Dancing Queen must soon spin around Foster’s ‘blood red lines’
HOOFING on stage to the strains of an iconic Swedish band, and limp jokes about the set not falling down again. Well, check your prejudices and see: it was either ultra-brave – or beyond parody. Yet even by the melodramatic standards of party political conferences, where shameless politicos often give ham acting a bad name, this British Conservative Party’s four-day gathering in Birmingham was a caricature of itself.
In her keynote address to close proceedings, Theresa May was trying too hard to compensate for the calamities of last year’s event. Back then an intruder, an acute coughing fit, and a slogan disappearing behind her back combined to make that outing into a total nightmare.
But even if you deemed Mrs May’s dance attempts as parody, you’d still have to agree that there were many other parody makers taking the stage. Try the ubiquitous Boris Johnson, the grassroots’ darling who fails to impress colleagues, who regaled a huge crowd by dubbing his former boss’s Brexit plans “a cheat”. He then went on to run a series of Euromyths, or made-up yarns about the EU, which would have made rabid British tabloids seem pale.
But let’s also agree Boris is, well, just Boris. Try instead the current UK Foreign Minister Jeremy Hunt, who compared the EU on Brexit to the tyranny of the ex-USSR.
“The EU was set up to protect freedom. It was the Soviet Union that stopped people leaving,” he said, bringing rightwing populism to a new low. It certainly impressed the former East Bloc-turned-EU member states.
But this pair were in the halfpenny place compared with DUP leader Arlene Foster. On Monday she reduced the Good Friday Agreement from international treaty, voted by all of Ireland, to a piece of legislation. On Tuesday she issued a straight threat to pull down Mrs May’s government if there were border checks on produce going between the North and Britain. Yesterday she repeated those threats, with a throwback to unfortunate history. “The red line is blood red, it is very red,” she said. Need we discuss any further?
All in all, at last it fell to Mrs May to dance on stage for the grand finale. But here, in all fairness, it was a good speech, pitched at the middle ground of the Conservative Party.

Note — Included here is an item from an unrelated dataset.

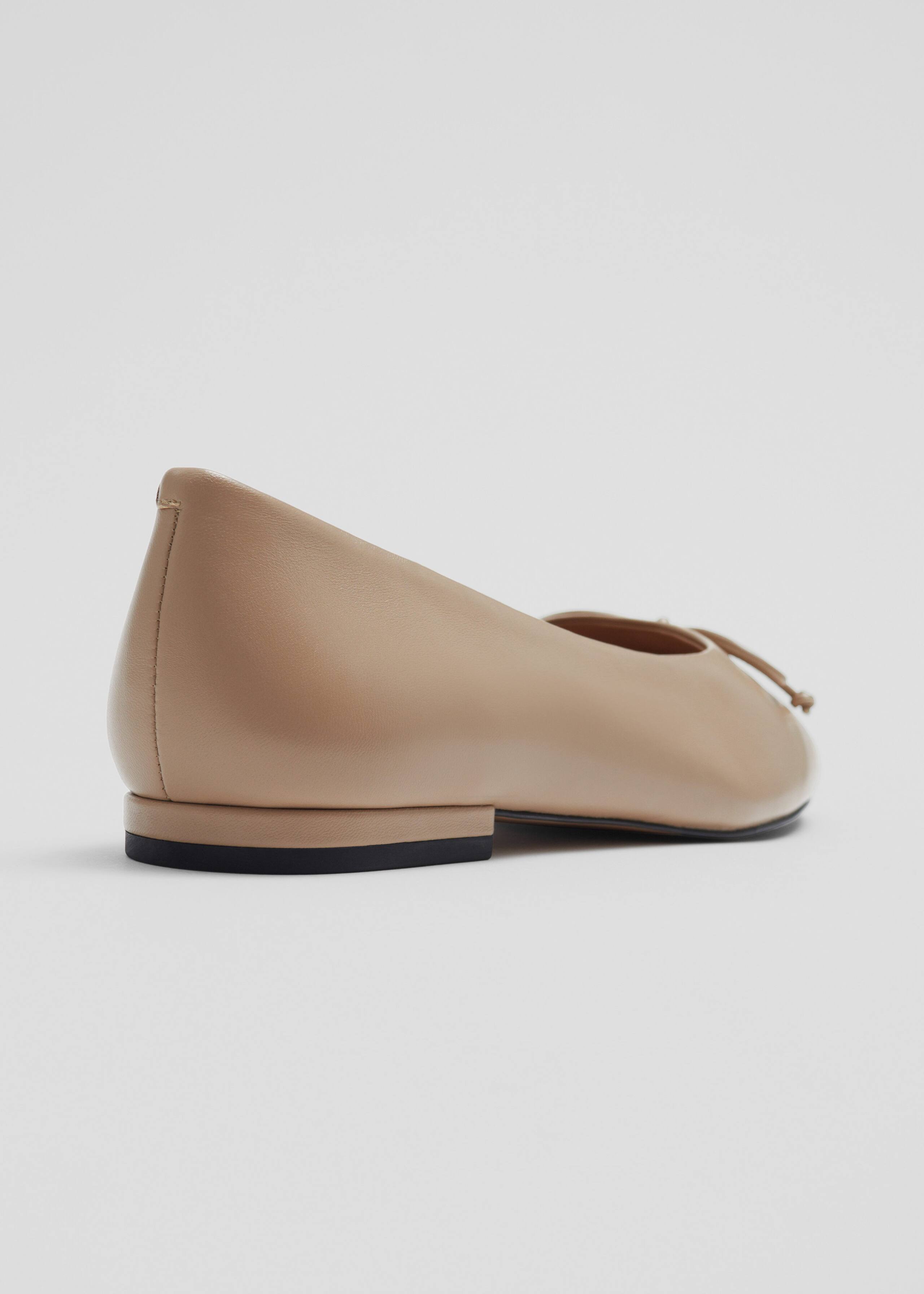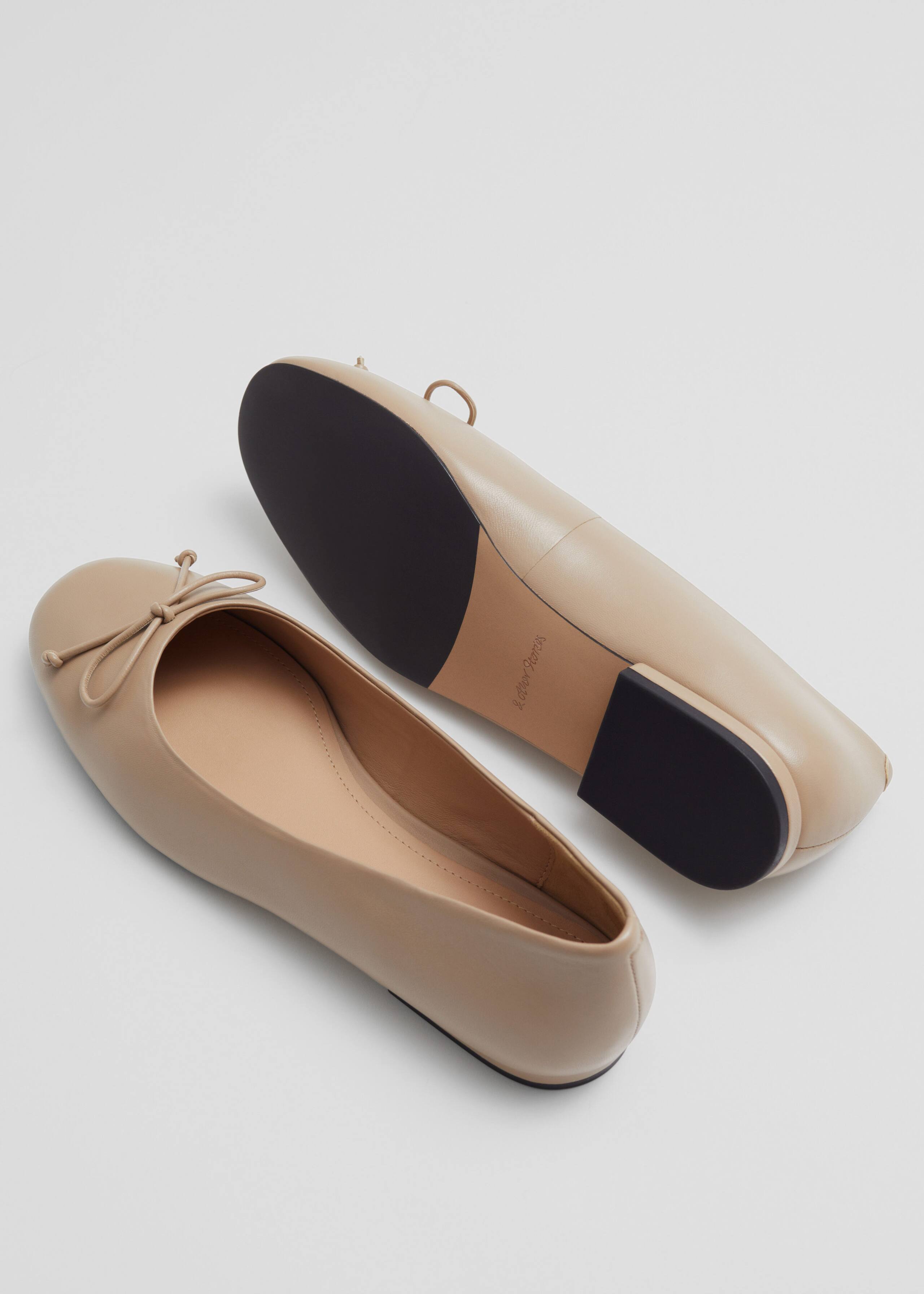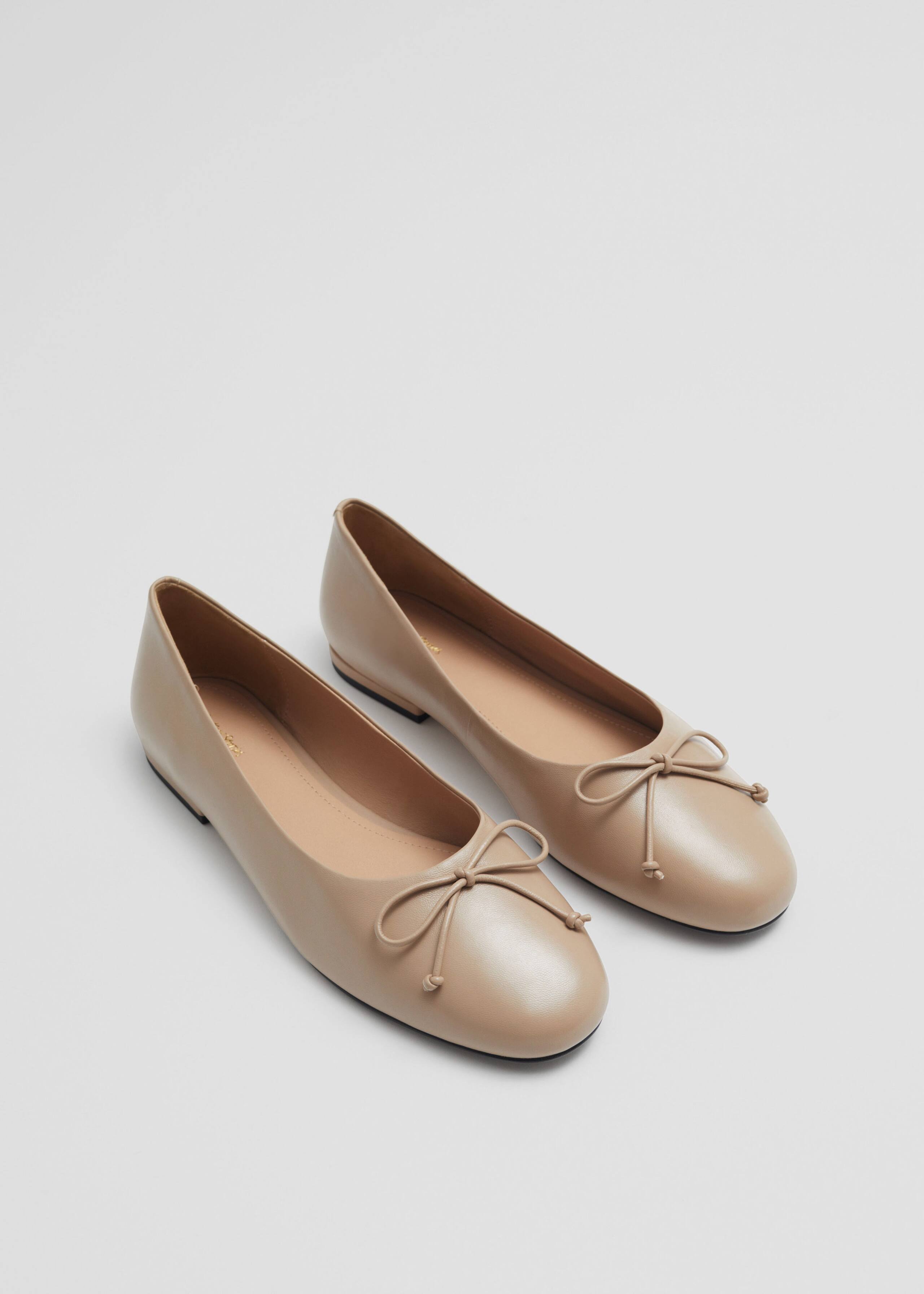 Tidlösa ballerinaskor i mjukt läder med rundad tå och klassisk läderrosett.

There was no shortage of side-swipes at those trying to undermine her Brexit pathway. She tried to stress her party was one of “values” and “not ideology”, and she attacked Labour. In sum, Theresa May has tried extremely hard to re-assert her authority over her totally riven party – but to very questionable effect. She might even achieve a Brexit deal of some sort with the EU by the November 18 outer deadline – if only because the EU more usually does deals of some kind. But this conference – and especially that “blood red” DUP intervention – suggests the sometime Dancing Queen will find it bordering on the impossible to get any such deal through the London parliament.